In the tavern the other night the young writer was asking the old editor some honest questions, while the middle-aged writer/editor looked on and listened in.
The young writer asked the old editor how he judged a story's suitability for a publication's "audience."
I put that in quotes because I could tell that the old editor heard it in quotes.
He smiled, and revealing the last bit of sheepishness left in his thoughtful old soul, said he always judged stories based on whether they are interesting—or not—to him.
When a story is interesting, he said, even if it is a structural disaster, he'll carry it around in his briefcase for a year, "trying to figure out how to make it work."
When he reads a submission that is not interesting, he dispatches it quickly, replying to the writer with four one-syllable words: "It's not for us."
In a subsequent email exchange with me—I'd forwarded him an exchange I was having with a woman who insisted she had something worthy of Vital Speeches—the old editor elaborated on his reasoning:
Believe me, I learned this the hard way. Being specific is good when you're editing a piece and trying to teach the writer something. When you're rejecting a piece (or trying to teach a writer not to bother you anymore) it pays to be as vague and subjective as possible.

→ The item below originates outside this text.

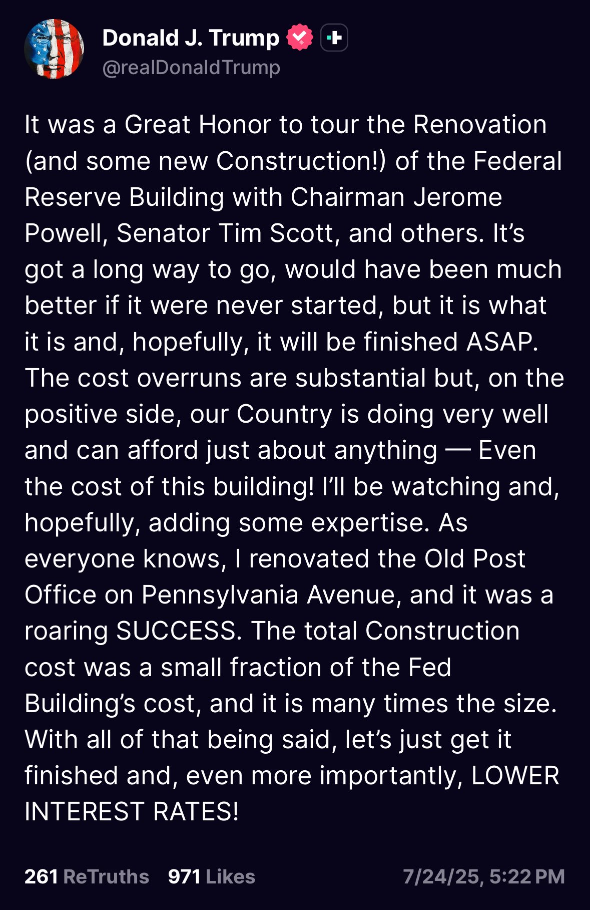 "content": "Trump issues a statement on his visit to the Fed HQ.\n\nBlasts renovation costs, says it \"would have been better if never started.\"\n\n“Let’s just get it finished and, even more importantly, LOWER INTEREST RATES!”\n\nhttps://cascdr-chads-stay-winning.nyc3.digitaloceanspaces.com/jamie-pro/226249/uploads/1753392920009-GwpyfksXsAA7PkW.jpg\n\nShared via https://pullthatupjamie.ai",

"It's not for us" has the additional virtue of being absolutely the truest reason you're rejecting a piece. It's just a less insulting way of saying, "I don't like it enough."
The old editor is wise, of course, on both counts:
1. The first and only judge of whether a story is interesting to your readers is, Is it interesting to me? (Unless, of course, you're serving an audience whose interests you don't think you share, in which case, as my first editor Larry Ragan once said, "You're in more trouble than you know.")
2. And Larry also said that "an editor becomes an editor" when an editor says no. And any moment spent arguing with or mollycoddling someone who is not contributing to the editorial excellence of the operation is time and energy taken away from the demanding work that must be done.
A quick and gracious "it's not for us" has the additional virtue of freeing the writer to continue the urgent search for an editor who does find his story interesting, and who will carry it in his briefcase for a year, trying to figure out how to make it work.